Il y a sur ce sujet d'excellentes remarques dans le livre de M. Humbert. Le critique allemand proteste contre cette rhétorique fausse, ou tout au moins incomplète, qui prétend identifier la poésie avec la faculté de produire des fictions. Pourquoi Homère est-il le père de toute poésie? Est-ce parce qu'il nous montre Jupiter ébranlant le ciel et la terre d'un mouvement de ses sourcils; l'armée des Grecs couverte par l'ombre du casque de Pallas; les coursiers de Mars franchissant d'un seul bond autant d'espace que le regard d'un homme assis sur un rocher élevé, devant la mer, peut embrasser d'étendue? Non, c'est parce que, le premier, Homère a peint l'humanité avec des couleurs vraies: c'est parce que le petit Astyanax se renverse en criant sur le sein de sa nourrice, saisi d'effroi à l'aspect du casque de son père; c'est parce que le vieux Priam pleure aux genoux d'Achille et le supplie de lui rendre le cadavre d'Hector avec des accents et des mots qui feront éternellement battre les cœurs. L'homme est le grand objet de la curiosité de l'homme. Cela est si vrai, que les dieux, les diables, les anges, les monstres et les fées ne nous intéressent qu'à la condition d'être des hommes et dans la proportion où ils sont des hommes. Les dieux d'Homère sont intéressants, parce qu'ils sont des hommes agrandis; mais les hommes d'Homère sont plus intéressants encore, parce qu'ils sont des hommes tout simplement.
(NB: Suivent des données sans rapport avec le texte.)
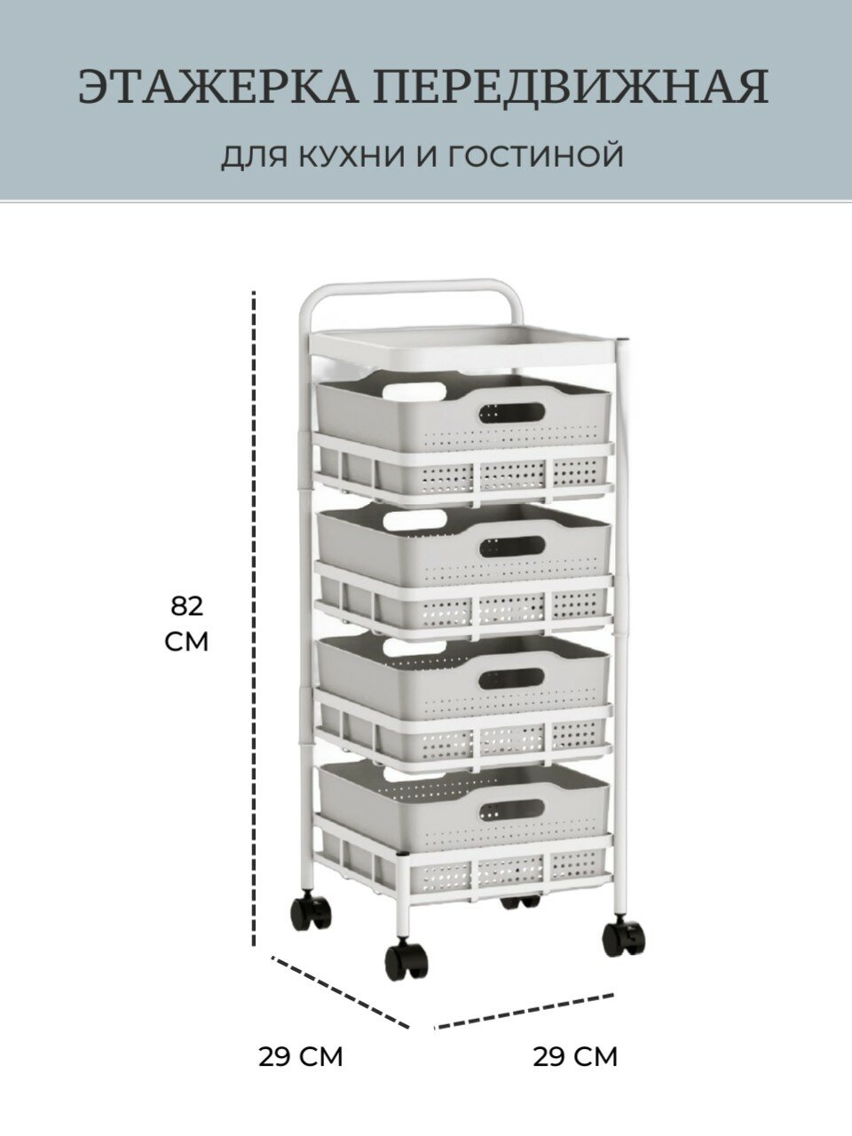 Этажерка на колесиках с 4 раздвижными ящиками для хранения информация:

Dieu le père, les anges et toute l'armée des séraphins de Milton nous font mourir d'ennui; mais son Satan nous intéresse, parce qu'il a les passions de l'humanité. L'éloge que donne Gervinus aux fées du Songe d'une Nuit d'été, c'est qu'elles ressemblent à des femmes.
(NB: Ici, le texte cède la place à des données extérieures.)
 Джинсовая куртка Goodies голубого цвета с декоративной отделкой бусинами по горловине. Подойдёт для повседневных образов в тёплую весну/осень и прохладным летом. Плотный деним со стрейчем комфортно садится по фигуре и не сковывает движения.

Étrange illusion de la poésie fantastique! elle croit s'élancer dans un monde libre où elle s'affranchira de la réalité, et elle est obligée, si elle veut avoir quelque valeur et offrir quelque intérêt, d'imiter la réalité. Elle revient, par une voie détournée, à son éternel objet, la nature humaine. Laissons-la faire, si ces caprices et ces détours l'amusent; mais que cette leçon l'instruise, et qu'elle ne prenne pas de grands airs avec Molière parce que son art est toujours resté dans le vrai et qu'il a suivi la ligne droite.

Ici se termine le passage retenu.